Opportunities in the translational pipeline for pediatric brain cancer therapies.

Abstract

Primary malignant central nervous system (CNS) tumors are the leading cause of cancer-related mortality in the pediatric population. Moreover, survivors often experience significant long-term treatment-related morbidity. Challenges unique to drug delivery to the central nervous system have hampered therapeutic progress. In the past decade, significant advancements in our understanding of molecular biology, genetic alterations, and the tumor microenvironment have allowed us to improve our in vitro and laboratory animal models to better replicate diseases seen in the pediatric population.

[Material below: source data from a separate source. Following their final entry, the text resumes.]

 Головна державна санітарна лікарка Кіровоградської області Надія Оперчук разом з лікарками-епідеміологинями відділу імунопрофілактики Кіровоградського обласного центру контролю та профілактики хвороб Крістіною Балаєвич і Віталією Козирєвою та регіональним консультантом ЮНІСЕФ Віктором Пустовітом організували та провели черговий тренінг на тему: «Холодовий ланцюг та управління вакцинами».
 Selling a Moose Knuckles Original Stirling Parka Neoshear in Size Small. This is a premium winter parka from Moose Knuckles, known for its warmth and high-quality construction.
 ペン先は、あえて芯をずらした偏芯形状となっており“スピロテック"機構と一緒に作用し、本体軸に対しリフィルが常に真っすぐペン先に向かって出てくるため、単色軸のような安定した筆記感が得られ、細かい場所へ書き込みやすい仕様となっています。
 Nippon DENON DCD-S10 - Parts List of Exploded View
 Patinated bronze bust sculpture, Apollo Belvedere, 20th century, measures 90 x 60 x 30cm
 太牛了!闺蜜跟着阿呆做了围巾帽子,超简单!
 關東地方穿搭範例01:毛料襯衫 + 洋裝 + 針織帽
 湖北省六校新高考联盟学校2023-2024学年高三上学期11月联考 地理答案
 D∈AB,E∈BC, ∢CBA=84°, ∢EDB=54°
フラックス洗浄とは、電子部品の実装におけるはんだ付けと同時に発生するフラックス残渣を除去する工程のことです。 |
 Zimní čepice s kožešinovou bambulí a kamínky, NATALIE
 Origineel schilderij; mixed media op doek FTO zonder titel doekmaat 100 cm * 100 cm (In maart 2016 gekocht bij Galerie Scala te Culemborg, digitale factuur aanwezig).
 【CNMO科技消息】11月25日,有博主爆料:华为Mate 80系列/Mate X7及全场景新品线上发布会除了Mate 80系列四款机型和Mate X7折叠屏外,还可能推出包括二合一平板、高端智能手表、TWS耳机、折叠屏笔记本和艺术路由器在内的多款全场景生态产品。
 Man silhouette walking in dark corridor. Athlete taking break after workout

Recently, a comparative approach using naturally-occurring CNS malignancies in dogs with similar disease progression, histologic presentation, and treatment response has been proposed as an enticing model system. Given these improvements in the translational pipeline, there is an opportunity to identify and implement effective therapies more efficiently to pediatric CNS malignancy populations. IMPACT: Relevant and translational pre-clinical studies are needed to find chemotherapeutics and targeted agents that can reach therapeutic doses within tumors in children without causing systemic adverse effects. A discussion of comparative oncology is provided with the intent to foster veterinary/human oncology collaboration. While the traditional pipeline for translating medications from bench to bedside has been evolving and improving over the last decade, the advances and remaining roadblocks of this pipeline are reviewed and discussed in this article.